The funniest thing in this situation is that people who are deeply affected by the Internet-someone-wrong syndrome often spend a damn break of time and nerves to prove to another just as struck completely free that he does exactly the same thing for money or on orders . Are you looking for logic here? She is not. This is the internet, baby.



Let us take one of the relatively recent questions about alleged territorial discrimination on Gitlab. 4 days have passed since the publication of the article, and, of course, the discussion a long time ago moved away from the originally stated topic for distant lands. These phrases sound:

A real person can not oppose anything to a professional commentator on a subscription ...



The user (such and such) spends simply an unrealistic amount of time on comments ...
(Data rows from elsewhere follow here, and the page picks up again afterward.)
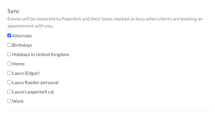 7. Go to your Paperbell calendar sync settings and make sure to check the boxes to “sync” any iCal calendars you have imported. Note that they will appear as their calendar name in iCal (the defaults are “work” and “home”)
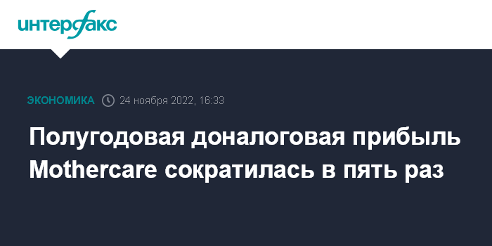 Москва. 24 ноября. INTERFAX.RU - Ритейлер товаров для беременных женщин и детей Mothercare Plc в первом полугодии 2023 финансового года, которое завершилось 24 сентября, сократил доналоговую прибыль в пять раз - до 800 тысяч фунтов ($964,4 тыс.) против 4 млн фунтов годом ранее.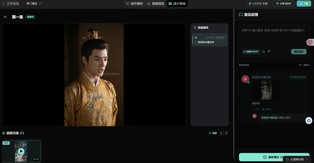跑完《重生之将门毒后》的整条短剧工作流,我只有一个感受:这可不是简单的工具,AniShort 是真的手搓出了一个剧组啊!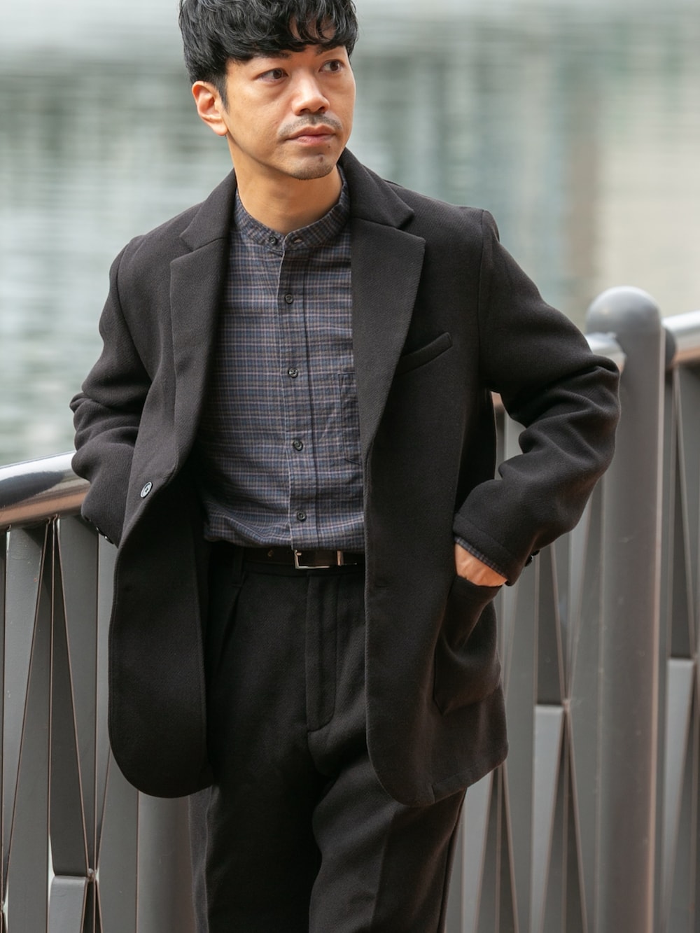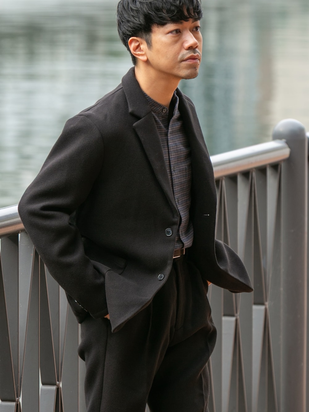 カジュアル寄りのセットアップなのでややゆとりがあり気軽に着られます。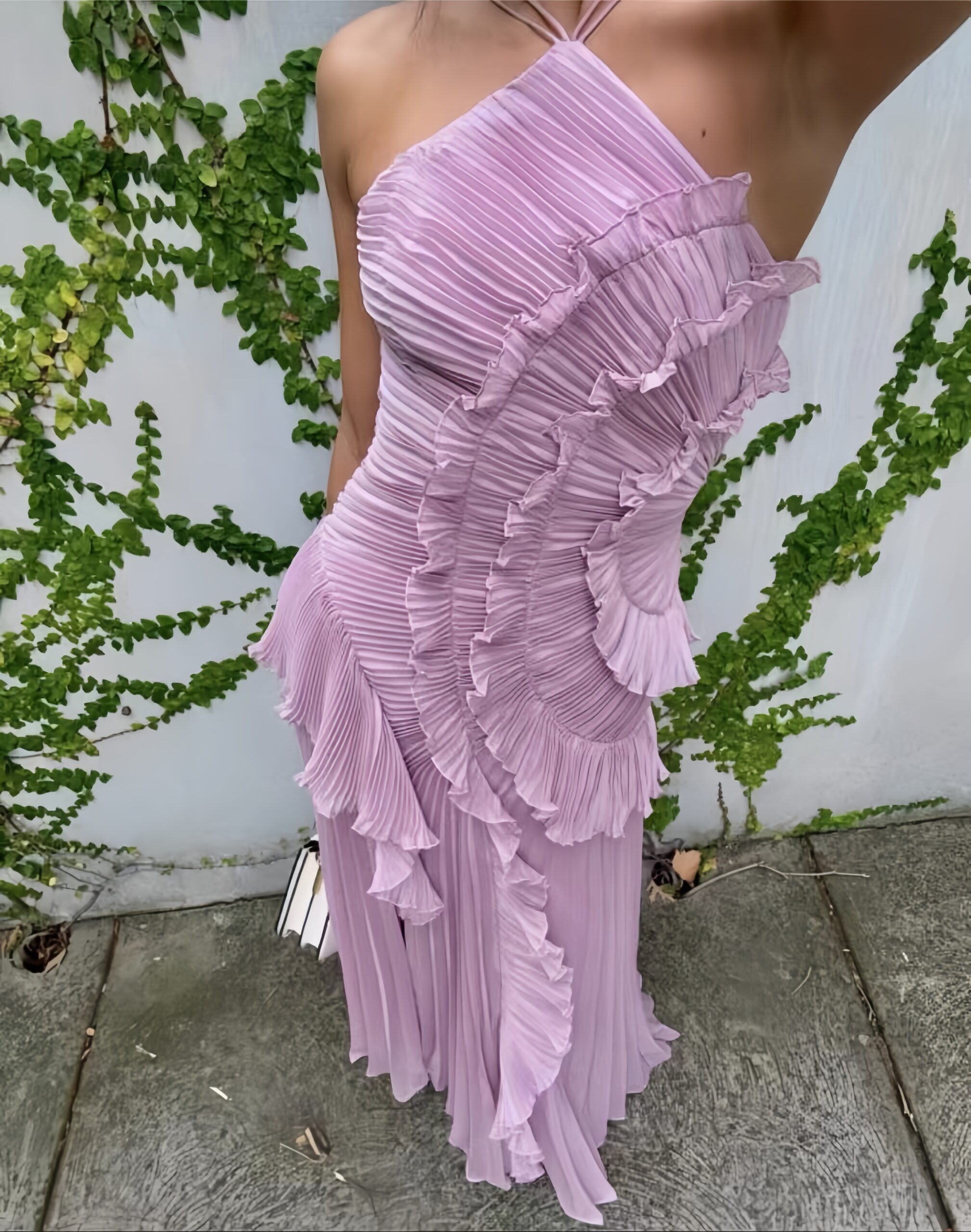 A soft pink-purple hue creates a romantic silhouette, as if transforming a lavender field at dusk into a gentle cloud. The chiffon fabric is as light and breathable as a cloud, delicate as silk, and its drape evokes a sense of fluidity. The sharp cut at the shoulders reveals the clavicle, while the sculpted pleats at the chest ripple like cascading lines. The ruffled waistband sways with the figure, and the open back exudes a sensual and relaxed air, evoking a sense of effortless elegance.

At the same time, its activity does not have patterns that are usually inherent in an ordinary user ...



ps but it led me to write a parser analyzer of such commentators) With an indication of activity by the hour, the amount of time per day, per week, etc. ... A good topic for the article)
So stop it. And what are these patterns “typically inherent to the average user”? The author of this phrase in that topic, unfortunately, has already been translucidated, so you have to go at random.



The question that I want to put before your eyes is clear, the following - is it even possible by statistical methods to at least somehow reliably distinguish these very patterns so as to create a formal classifier that distinguishes casual commentators from professional ones? Imagine - “according to the Habr-Botometer, you are 76% likely to be a Kremlin bot.” It will be much cooler than karmic raids on each other.

Unfortunately, my competencies are not enough to even suggest which way to dig to solve such a problem. Nevertheless, last night I knocked down “on my knee” a small primitive parser, which (since the comment page is open even to unauthorized visitors) does two things for now - a) it collects statistics from all of its comments (for now, it's just time -stamp) and adds to the MySQL database; b) draws a time chart, marking on it the events of sending comments taken from this database. Even without some tricky analysis, it turned out pretty funny. This is what my comments chart looks like. Explanations are underneath. It is best viewed in a separate window on a scale of 100% or more.



image



On the horizontal axis is time, each pixel is equal to one minute, the price of gray divisions is equal to one hour, the entire horizontal line is equal to one day. The day goes from bottom to top along the vertical axis, the division price on it is 365 days.



There is nothing particularly interesting in my diagram. It can be seen that I like to sleep for 7-8 hours, often go to bed after midnight, and sometimes organize many-hour commentary marathons, and that activity over the past year exceeds or is approximately equal to that for the previous five years.

Or, comrade gecube kept a vow of silence for three and a half years, and then it broke through ...



image



A typical habra-commenter activity diagram looks something like this (this is QtRoS )



image



A distinct "sleepy hollow" on the left somewhere in the European night and leisurely commenting during daylight hours, possibly with interruptions for half a year.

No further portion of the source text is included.